=== Section Start ===

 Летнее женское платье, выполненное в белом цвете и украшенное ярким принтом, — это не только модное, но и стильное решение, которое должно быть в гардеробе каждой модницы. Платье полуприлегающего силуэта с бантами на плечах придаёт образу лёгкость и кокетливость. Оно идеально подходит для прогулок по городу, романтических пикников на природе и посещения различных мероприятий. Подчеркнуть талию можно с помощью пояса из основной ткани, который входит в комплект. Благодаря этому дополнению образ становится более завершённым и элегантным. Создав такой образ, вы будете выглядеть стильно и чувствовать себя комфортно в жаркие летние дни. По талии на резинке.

=== Section End ===
=== Section Start ===

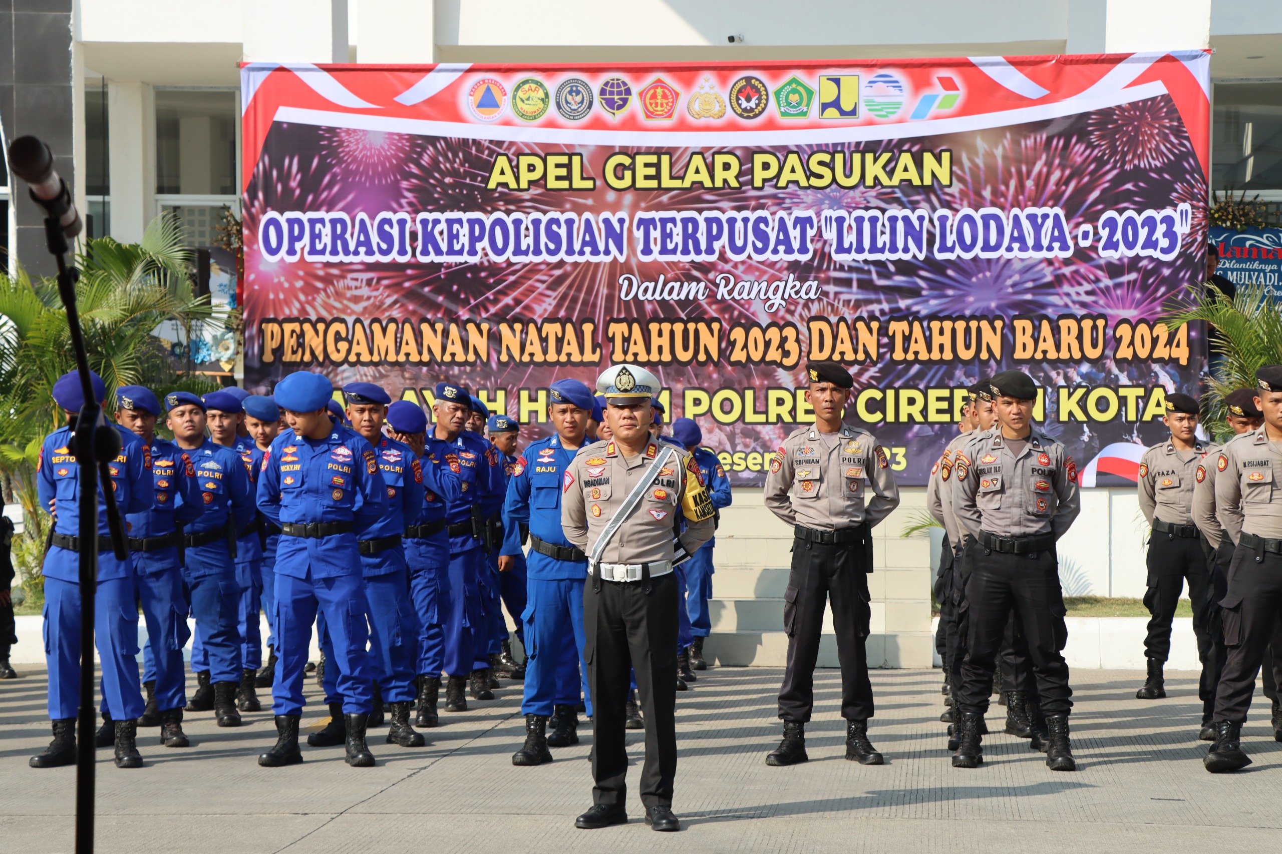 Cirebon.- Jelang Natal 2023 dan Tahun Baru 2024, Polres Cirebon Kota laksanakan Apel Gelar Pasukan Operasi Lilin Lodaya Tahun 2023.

=== Section End ===
=== Section Start ===

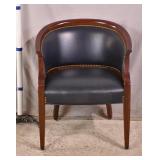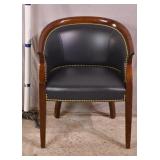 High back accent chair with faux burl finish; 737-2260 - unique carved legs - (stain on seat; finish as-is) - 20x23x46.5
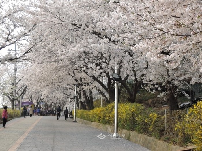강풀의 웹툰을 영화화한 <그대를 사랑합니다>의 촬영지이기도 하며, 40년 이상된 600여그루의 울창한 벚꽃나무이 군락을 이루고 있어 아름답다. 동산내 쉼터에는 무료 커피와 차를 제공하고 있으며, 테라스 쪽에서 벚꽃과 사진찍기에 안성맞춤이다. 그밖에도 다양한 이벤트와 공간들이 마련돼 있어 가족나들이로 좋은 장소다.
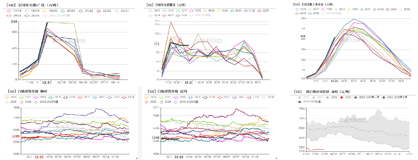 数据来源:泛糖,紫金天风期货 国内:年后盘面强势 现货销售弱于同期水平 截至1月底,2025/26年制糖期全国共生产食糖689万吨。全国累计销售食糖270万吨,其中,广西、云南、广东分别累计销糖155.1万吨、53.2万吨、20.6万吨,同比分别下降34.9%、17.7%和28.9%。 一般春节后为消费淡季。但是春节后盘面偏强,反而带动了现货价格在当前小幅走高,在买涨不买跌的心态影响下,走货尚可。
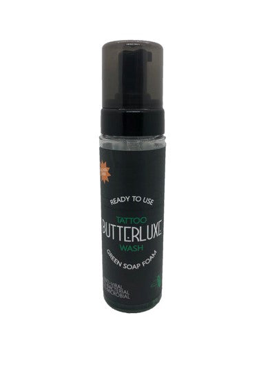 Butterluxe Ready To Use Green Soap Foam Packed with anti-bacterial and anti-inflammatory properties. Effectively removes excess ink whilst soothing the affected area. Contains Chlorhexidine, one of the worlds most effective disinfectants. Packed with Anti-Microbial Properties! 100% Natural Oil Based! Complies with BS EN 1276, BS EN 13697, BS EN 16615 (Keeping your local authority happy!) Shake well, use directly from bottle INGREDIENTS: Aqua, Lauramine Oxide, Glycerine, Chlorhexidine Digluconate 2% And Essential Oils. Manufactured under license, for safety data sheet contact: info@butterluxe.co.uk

=== Section End ===

**Exercise requirements**
Your task is to copy only the lines above starting at the one containing "High back accent" and ending at the one containing "Butterluxe Ready To". Copy them exactly, both ends included, and omit the pictures.

**Problem solution**
 High back accent chair with faux burl finish; 737-2260 - unique carved legs - (stain on seat; finish as-is) - 20x23x46.5
강풀의 웹툰을 영화화한 <그대를 사랑합니다>의 촬영지이기도 하며, 40년 이상된 600여그루의 울창한 벚꽃나무이 군락을 이루고 있어 아름답다. 동산내 쉼터에는 무료 커피와 차를 제공하고 있으며, 테라스 쪽에서 벚꽃과 사진찍기에 안성맞춤이다. 그밖에도 다양한 이벤트와 공간들이 마련돼 있어 가족나들이로 좋은 장소다.
 数据来源:泛糖,紫金天风期货 国内:年后盘面强势 现货销售弱于同期水平 截至1月底,2025/26年制糖期全国共生产食糖689万吨。全国累计销售食糖270万吨,其中,广西、云南、广东分别累计销糖155.1万吨、53.2万吨、20.6万吨,同比分别下降34.9%、17.7%和28.9%。 一般春节后为消费淡季。但是春节后盘面偏强,反而带动了现货价格在当前小幅走高,在买涨不买跌的心态影响下,走货尚可。
 Butterluxe Ready To Use Green Soap Foam Packed with anti-bacterial and anti-inflammatory properties. Effectively removes excess ink whilst soothing the affected area. Contains Chlorhexidine, one of the worlds most effective disinfectants. Packed with Anti-Microbial Properties! 100% Natural Oil Based! Complies with BS EN 1276, BS EN 13697, BS EN 16615 (Keeping your local authority happy!) Shake well, use directly from bottle INGREDIENTS: Aqua, Lauramine Oxide, Glycerine, Chlorhexidine Digluconate 2% And Essential Oils. Manufactured under license, for safety data sheet contact: info@butterluxe.co.uk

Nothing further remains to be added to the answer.